__Exercise details__.
Output only the lines below that start at the line containing "Antique Rosewood Chinese" and end at the line containing "Plakat z serii", with both ends kept.

__Record extracts__.
+ + + + + + +
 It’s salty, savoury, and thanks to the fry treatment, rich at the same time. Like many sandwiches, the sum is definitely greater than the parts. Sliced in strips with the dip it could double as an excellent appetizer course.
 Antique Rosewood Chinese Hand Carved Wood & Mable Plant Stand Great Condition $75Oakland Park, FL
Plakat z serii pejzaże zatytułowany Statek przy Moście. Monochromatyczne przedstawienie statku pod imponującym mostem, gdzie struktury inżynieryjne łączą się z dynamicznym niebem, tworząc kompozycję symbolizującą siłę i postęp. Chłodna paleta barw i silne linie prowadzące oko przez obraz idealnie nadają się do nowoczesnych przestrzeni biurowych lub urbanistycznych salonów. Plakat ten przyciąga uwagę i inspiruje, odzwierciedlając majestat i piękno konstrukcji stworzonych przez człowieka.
+ + + + + + +
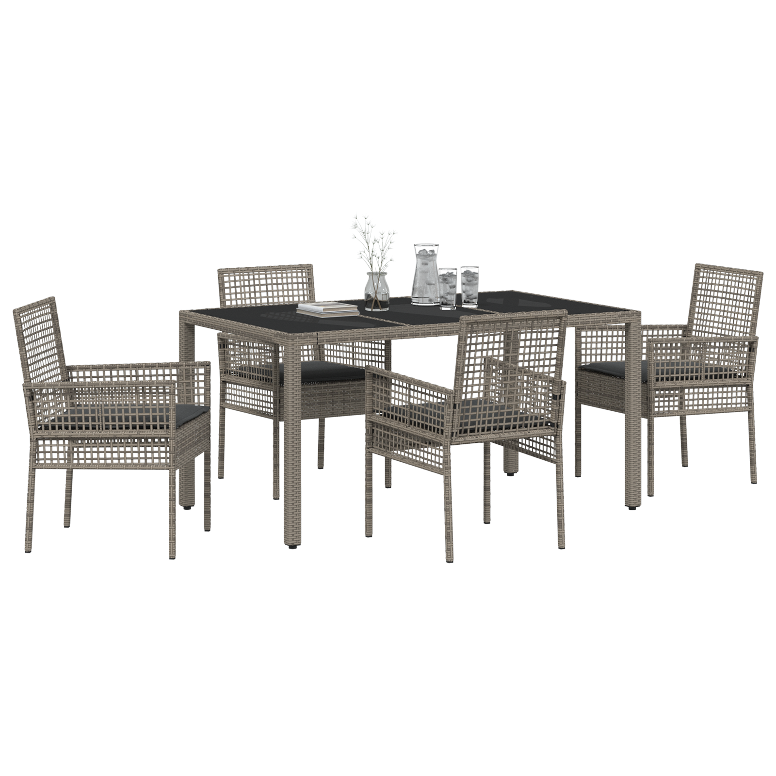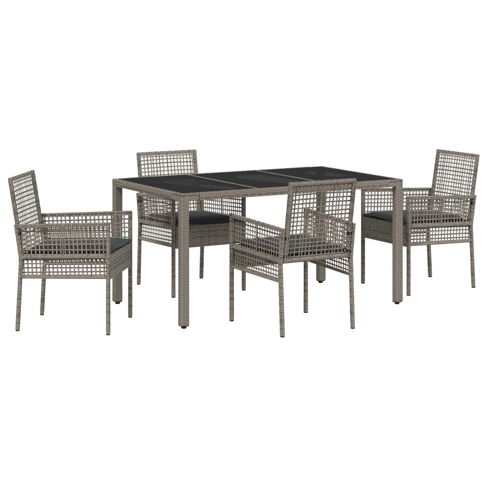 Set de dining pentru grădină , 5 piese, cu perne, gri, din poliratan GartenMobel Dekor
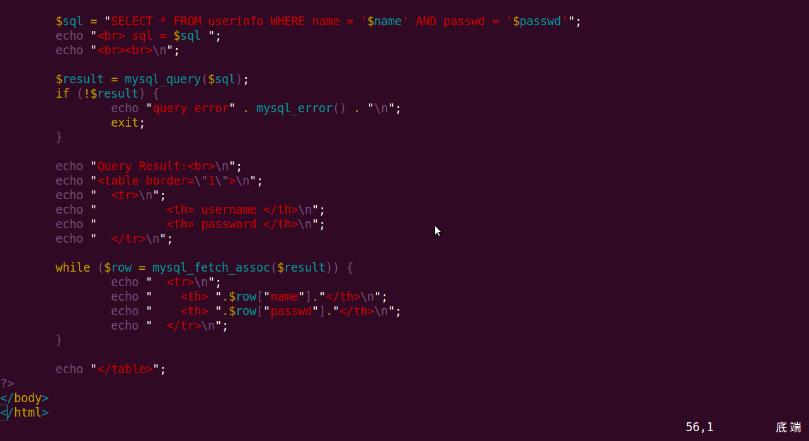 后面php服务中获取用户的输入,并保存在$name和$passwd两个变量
+ + + + + + +
__Answer area__.
 Antique Rosewood Chinese Hand Carved Wood & Mable Plant Stand Great Condition $75Oakland Park, FL
Plakat z serii pejzaże zatytułowany Statek przy Moście. Monochromatyczne przedstawienie statku pod imponującym mostem, gdzie struktury inżynieryjne łączą się z dynamicznym niebem, tworząc kompozycję symbolizującą siłę i postęp. Chłodna paleta barw i silne linie prowadzące oko przez obraz idealnie nadają się do nowoczesnych przestrzeni biurowych lub urbanistycznych salonów. Plakat ten przyciąga uwagę i inspiruje, odzwierciedlając majestat i piękno konstrukcji stworzonych przez człowieka.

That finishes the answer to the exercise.